I am a pixie. All I need is wings.

I contemplate jumping off my mountaintop, falling unto the rocks below. Splat. No wings here. Just another broken vet offing herself, a grim post-war statistic: a little chit-mark in the right column instead of the left.

Suicide, while classic, would be dishonorable. I do not fear death but my honor is all I have left. I don’t have my body. I don’t have my wisdom. I don’t have my spouses. I gave my virtue to the Empress. All I have left is my damn honor, my warped sense of personal justice tied up with my duties as an Investigator.

I take a deep breath, and now feel the cold rain on my face as I look down at the rain-soaked forest landscape and realize I am feeling sorry for myself.

Well I have a cure for that. If my spouses won’t tend to my needs, I will seek intimacy elsewhere. I sub-vocalize to my Investigator PDA.

—Arune?

A pause. I sigh. Pause is bad. Arune is my old warship. The only reason he would not respond instantly is if he was out of range.

—Sorry Lexus, I’m on the moon with Tiff and Britt. Back in three days.

—Okay. I love you; call me when you get back.

Arune and Britt, two of my current lovers, while Tiff is a potential lover. Just like that, my list of lovers for the evening snipped short.

I am in desperation territory because the rocks at the bottom of Mt. Si are now calling to me.

—Empress, my love?

A pause. Oh no, please no.

—Lexus, my darling, my Concubine, my Princess. I have taken a trip to the moon. Be back soon.

The moon. What the fuck? Why would the military, and the Empress, go to the moon? Logically, it makes sense, the part about being together. Britt is a Military Police Lieutenant, Arune is a warship, and Tiff is his pilot. So yeah, the four have met before and I am sure they will meet again. But the moon? All that’s on the moon is some launchers and dusty old nano-factories that nobody wants to turn on, and some privately funded research bases.
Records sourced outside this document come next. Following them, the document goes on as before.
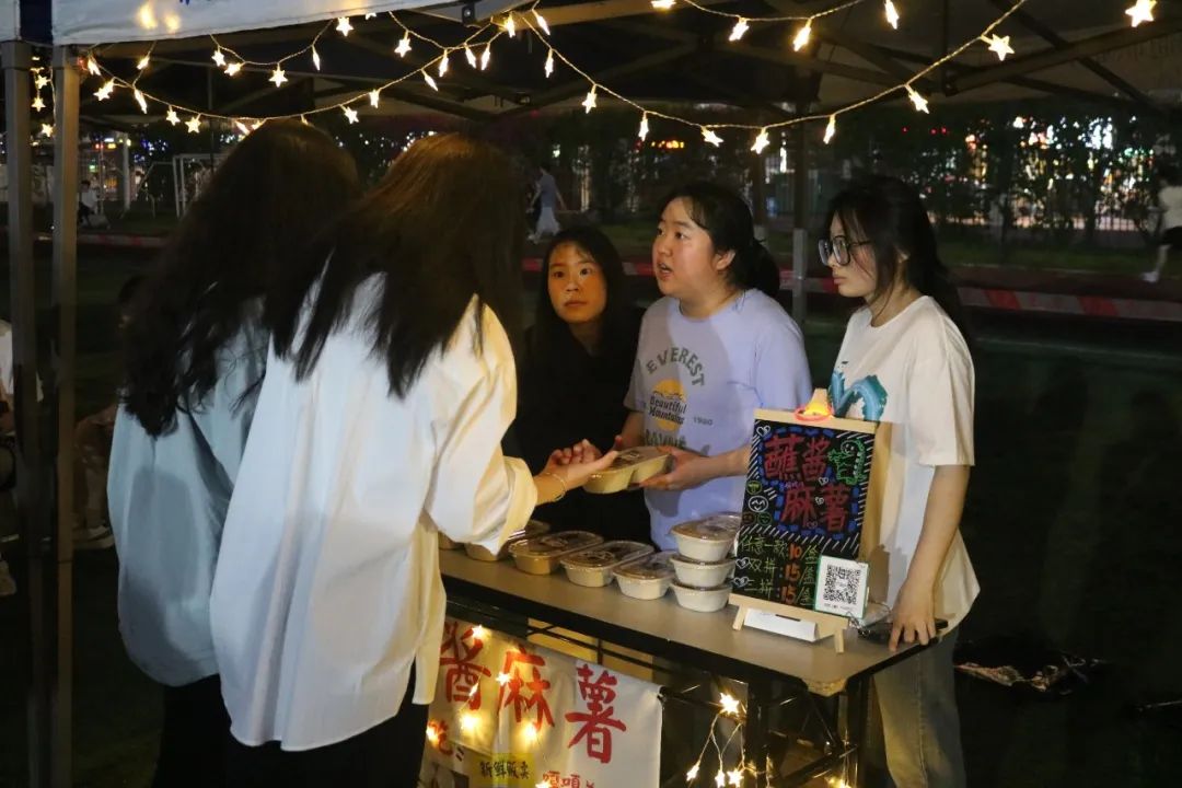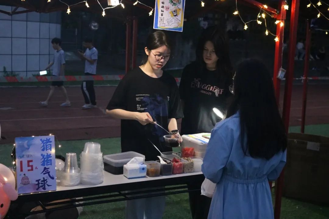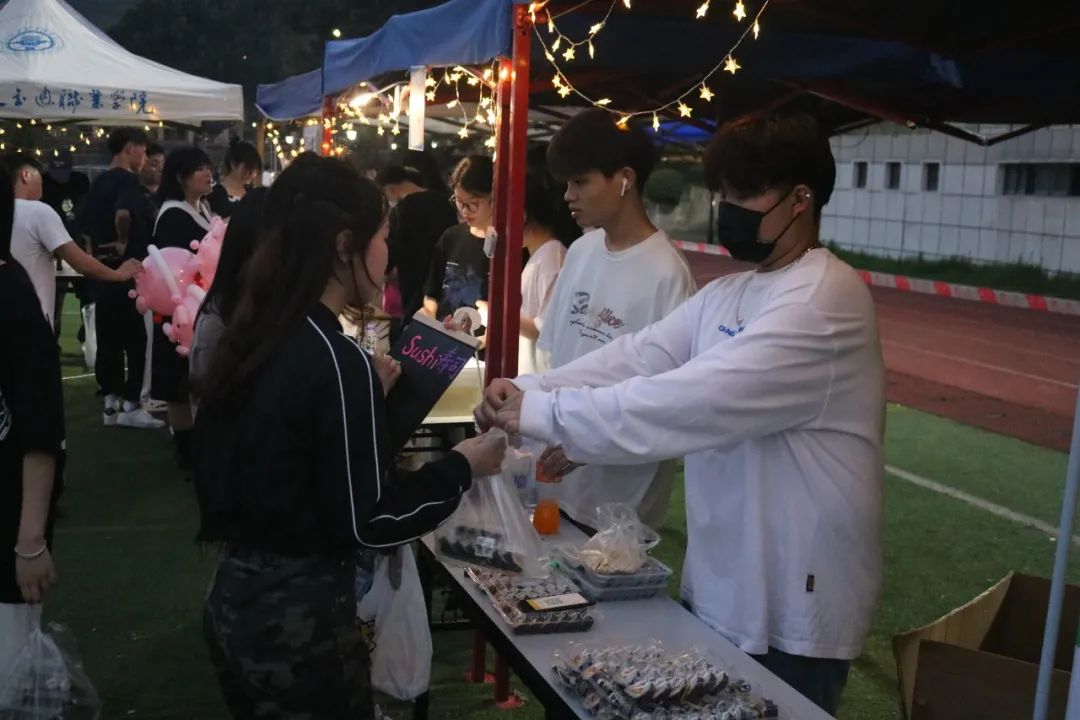 星光點點,晚風(fēng)徐來,此時就是最美好的歡樂場,各位攤主們用心賣出自己的每一份商品,帶給同學(xué)們,獨一無二的快樂體驗。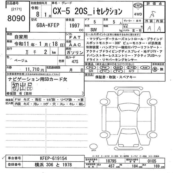 Статус выставлен на аукцион Лот 8090 Аукцион JU Tokyo Дата аукциона 02.02.2026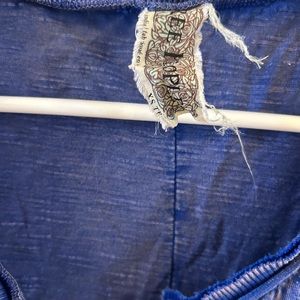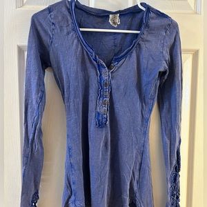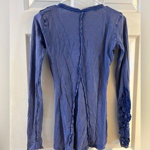 This vintage free people long sleeve has such great details. Button up Henley front, seam down back, crochet detail at bottom of sleeves, in a washed blue color.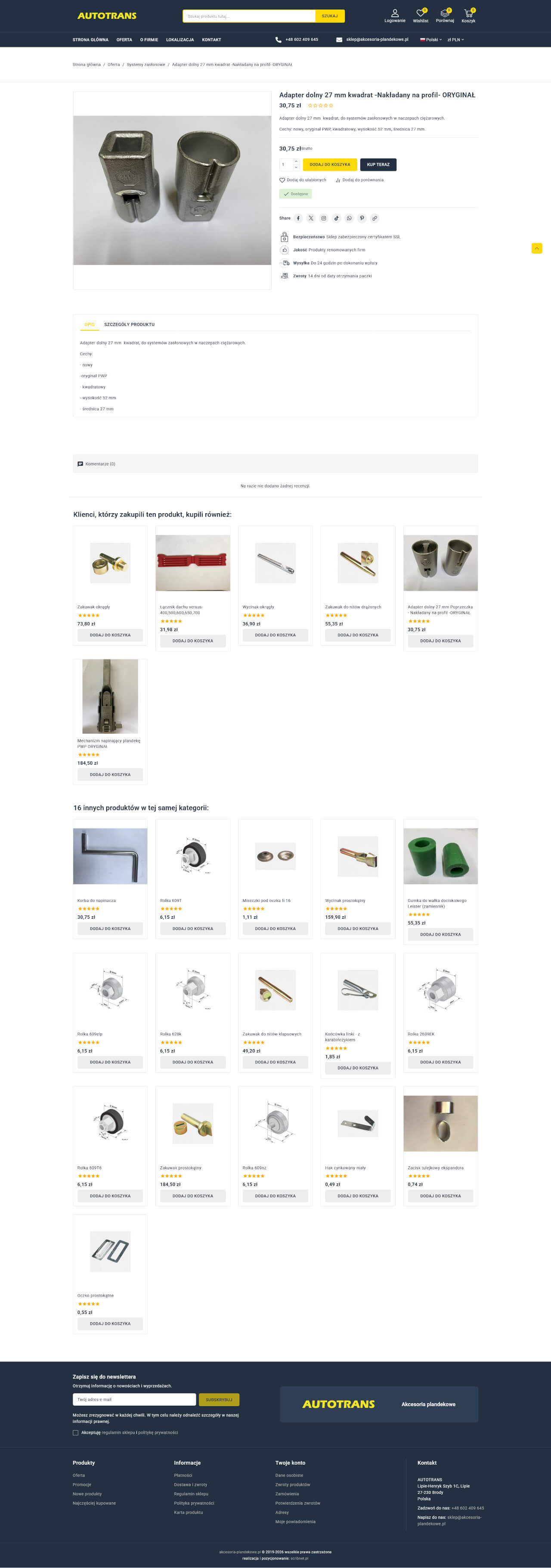 Dla firmy Autotrans zajmującej się sprzedażą akcesorów do produkcji plandek, wykonaliśmy prosty i przejżysty sklep internetowy pod adresem akcesoria-plandekowe.pl. Nasza praca polegała na instalacji i modyfikacji standardowego szablonu pod względem kolorystycznym oraz układu, a także konfiguracji podstawowych funkcjonalności jak metody płatności oraz sposoby wysyłki. Dodatkowo, na życzenie klienta zostały dodane kategorie oraz wszelkie atrybuty produktów i same produkty oferowane na sprzedaż.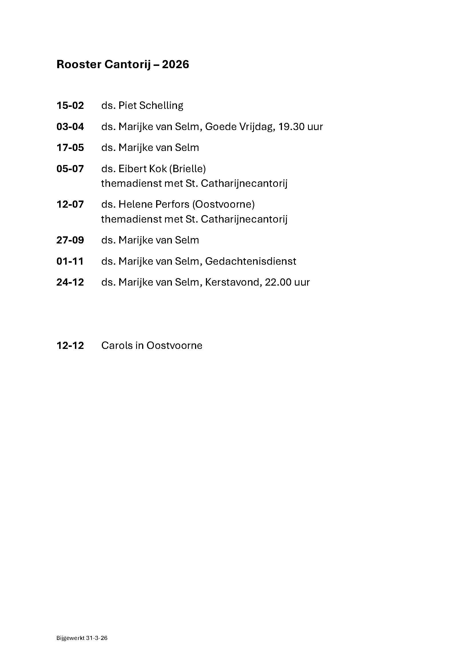 Onderstaand het rooster van de cantorij voor 2026

I mentally shrug. I made the conscious decision to disengage myself from the Military. I don’t need to know, so nobody tells me what is going on. And when it comes down to it, I don’t want to know.
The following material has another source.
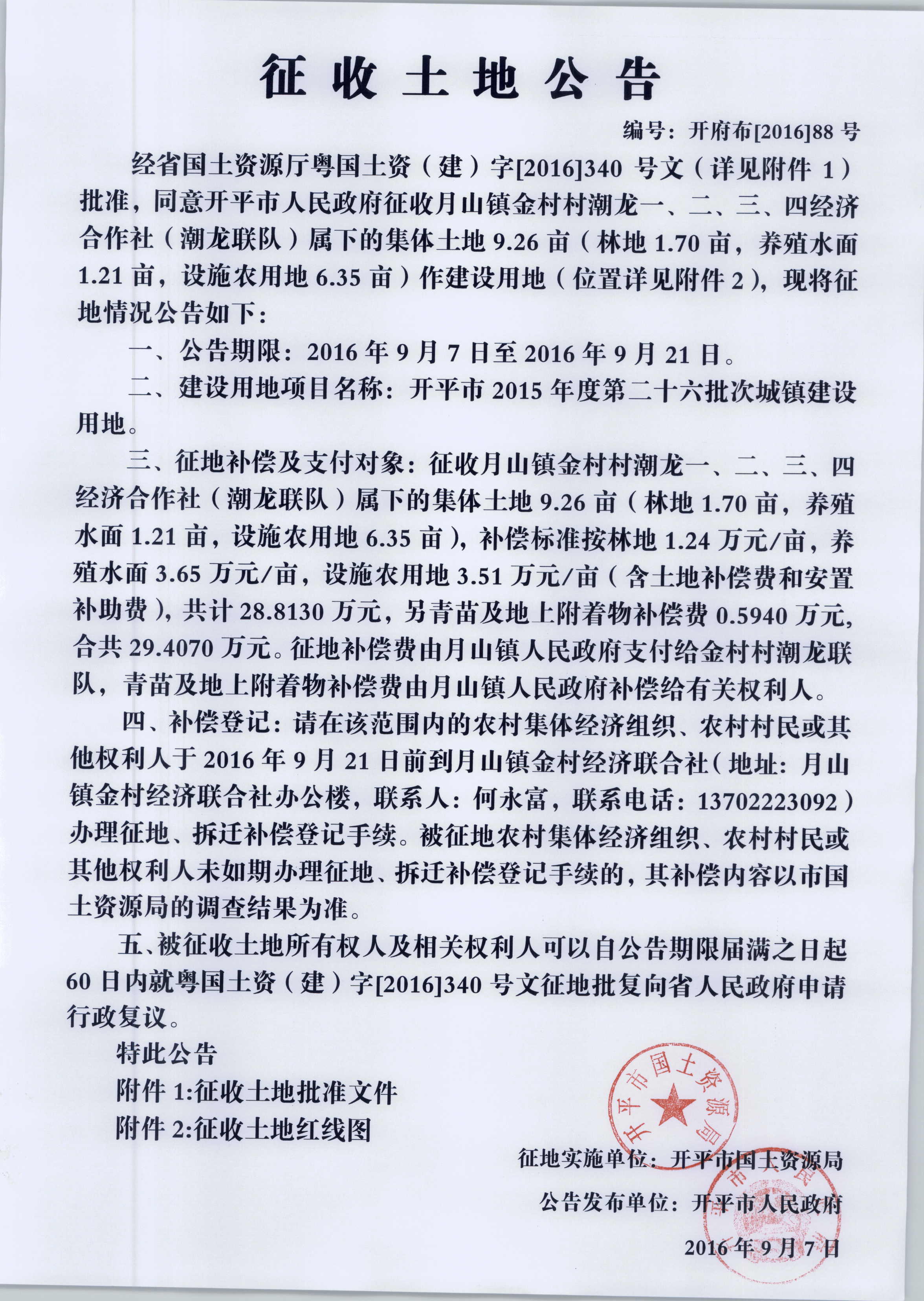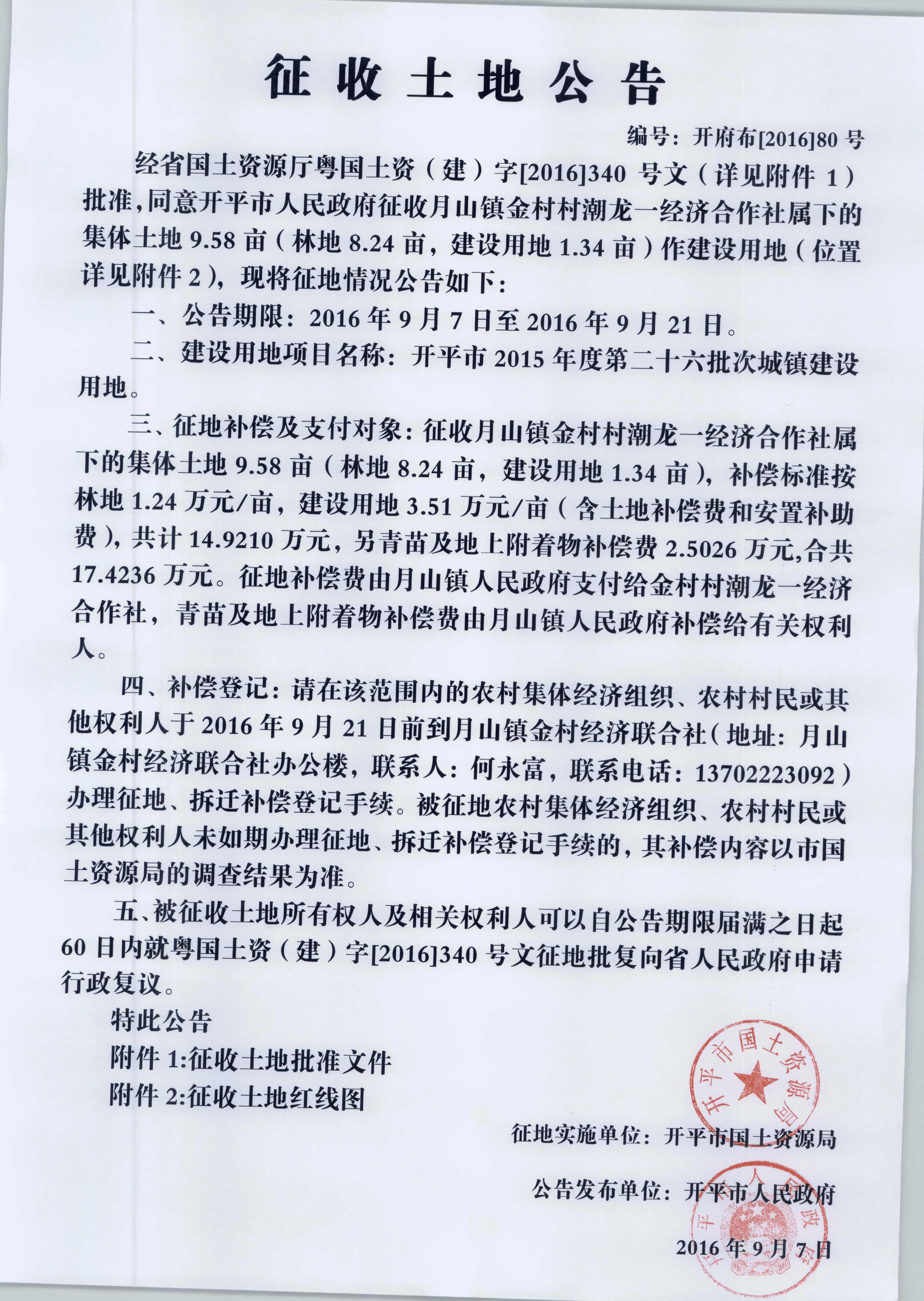 征收土地公告

Now I am in trouble. My fellow Investigators, of course, would always tend to me, if I asked. Scott and I have never made love, but the unspoken opportunity is there. But Scott is in Portland on a sudden assignment.

Ivan is downstairs sleeping. He is exhausted from completing four insurance dictated autopsies. He didn’t even leave his office, crashing on the couch. Ivan is not a young man. To wake him up with my need to be touched and kissed would be very selfish.

And that leaves my boss, Bambi. My relationship with her is complicated. On one hand, she is like the daughter I never had, and my best friend in the entire world. On the other, I find her attractive.

Bambi is not into women. I could seduce her, but that would make me the Shit of the Century. I refuse to burn my friendship and my career to satisfy my lustful desires.

Look at me—I am all grown up. A giggle escapes from my lips.

I am at the end of my rope.

Well, when the going gets tough, the tough go on a snorf binge. Snorf will let me turn the insidious compulsion that owns me into a manageable burn.

As long as I don’t die from an overdose.